Expected outcome: A complete design with BMS map definitions, COBOL paragraphs covering RECEIVE MAP, SQL retrieval, SEND MAP, and error handling.

Hint: Use EXEC CICS HANDLE ABEND or EXEC CICS RESP for CICS error management alongside SQLCODE checks for DB2.

Exercise 5.3 — End-of-Day Reconciliation Program

A bank must reconcile its general ledger with the sum of all account balances at end of day. Design a COBOL-DB2 program that:

• Uses a cursor with WITH HOLD to sum balances by account type (checking, savings, loan) from the ACCOUNTS table.
• Reads the expected totals from a GENERAL_LEDGER table.
• Compares actual sums against expected totals.
• Writes discrepancies to a RECONCILIATION_EXCEPTIONS table.
• Produces a printed report of results.
• Uses REPEATABLE READ isolation to ensure consistent data.

Provide:

1. DDL for the RECONCILIATION_EXCEPTIONS table.
2. The aggregation cursor with GROUP BY and isolation level specification.
3. The comparison logic with tolerances (differences under $0.01 are ignored).
4. The exception INSERT statement.
5. The report layout and WRITE statements.

Expected outcome: A production-grade design with DDL, COBOL code fragments, and clear processing logic.

Exercise 5.4 — Customer Data Migration Utility

A bank is migrating customer data from a legacy flat file to a new DB2 schema. Design a COBOL-DB2 utility that:

• Reads a sequential file with pipe-delimited fields (account number, name, address, balance, open date).
• Validates each field (numeric checks, date format, non-blank name).
• Inserts valid records into ACCOUNTS and CUSTOMERS tables within the same unit of work.
• Writes rejected records to an error file with reason codes.
• Commits every 1000 rows.
• Provides a final summary (records read, inserted, rejected).

Provide:

1. The FD entries for input and error files.
2. The field-validation paragraphs.
3. The INSERT statements for both tables.
4. The commit-interval logic.
5. The summary report display.

Expected outcome: A comprehensive utility design suitable for a real data migration project, with at least 100 lines of COBOL code fragments.

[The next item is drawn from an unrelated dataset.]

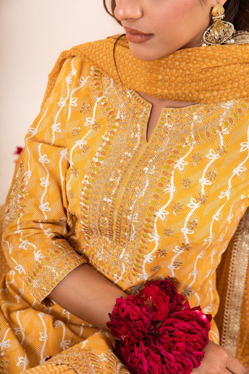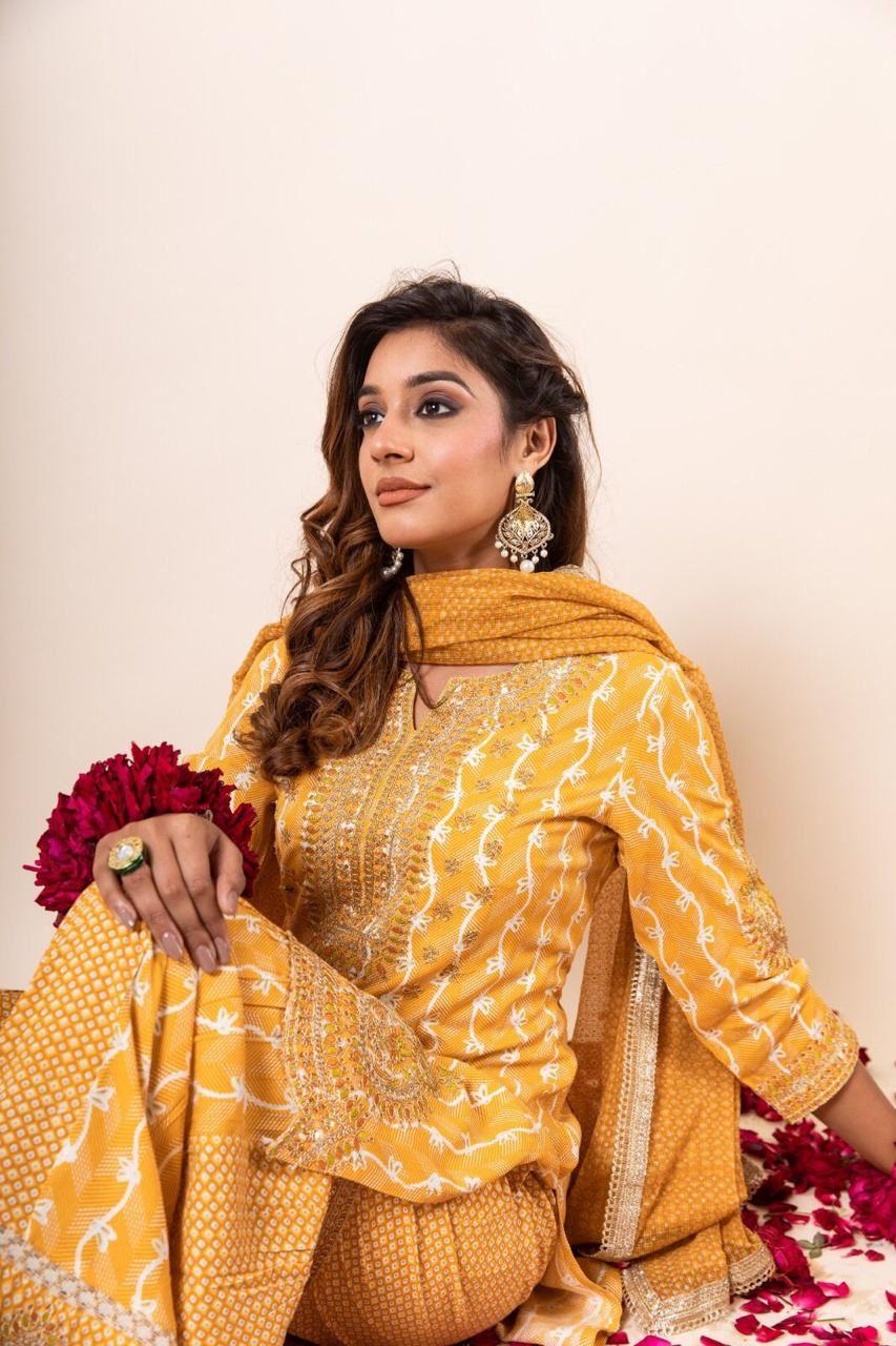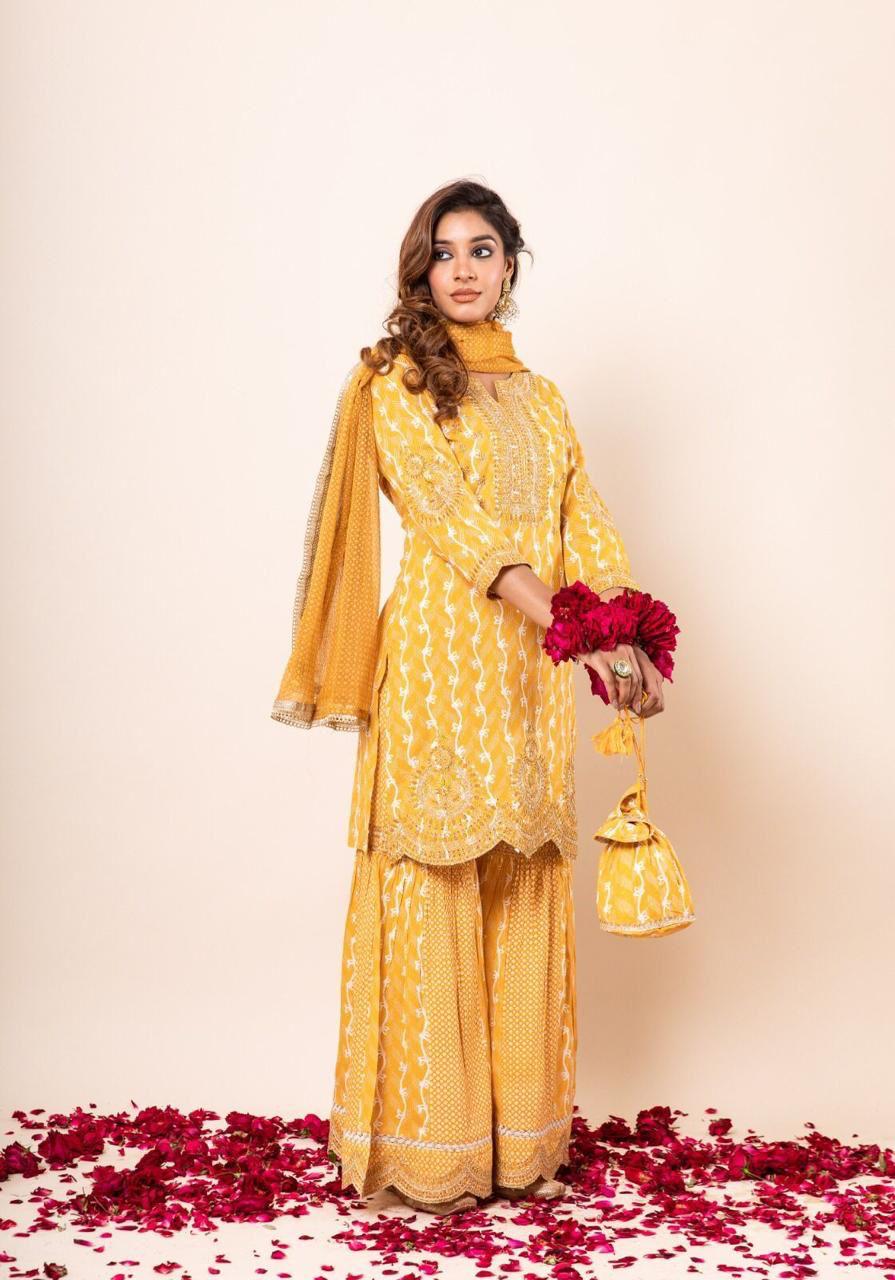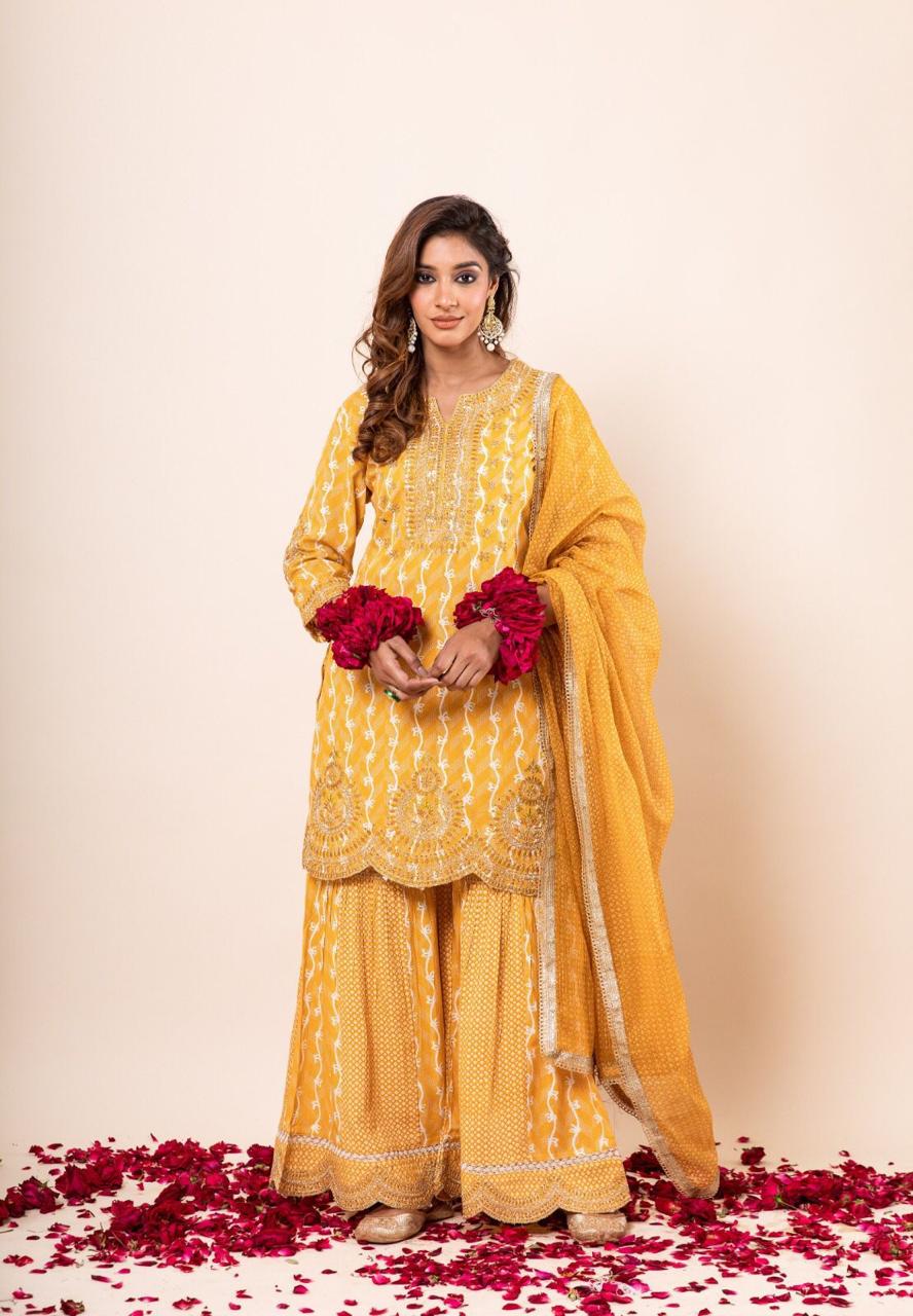 With heavy zari and embroidery work with ultimate finish on yoke sleeves hemline and on sharara.

Exercise 5.5 — Multi-Table Reporting with Joins

Design a COBOL-DB2 batch program that produces a monthly customer activity report by joining the CUSTOMERS, ACCOUNTS, and TRANSACTIONS tables. The report must:

• List each customer with all their accounts and transactions for the month.
• Include subtotals per account and grand totals per customer.
• Handle customers with no transactions (outer join).
• Page-break after each customer.
• Use a cursor with FOR FETCH ONLY and OPTIMIZE FOR 100 ROWS.

Provide:

1. The SQL cursor with the three-table join (use LEFT OUTER JOIN for transactions).
2. Control-break logic for customer and account boundaries.
3. The report record layouts (header, detail, subtotal, grand total lines).
4. The complete main processing loop.

Expected outcome: A fully designed report program demonstrating mastery of multi-table cursors, control-break processing, and report formatting.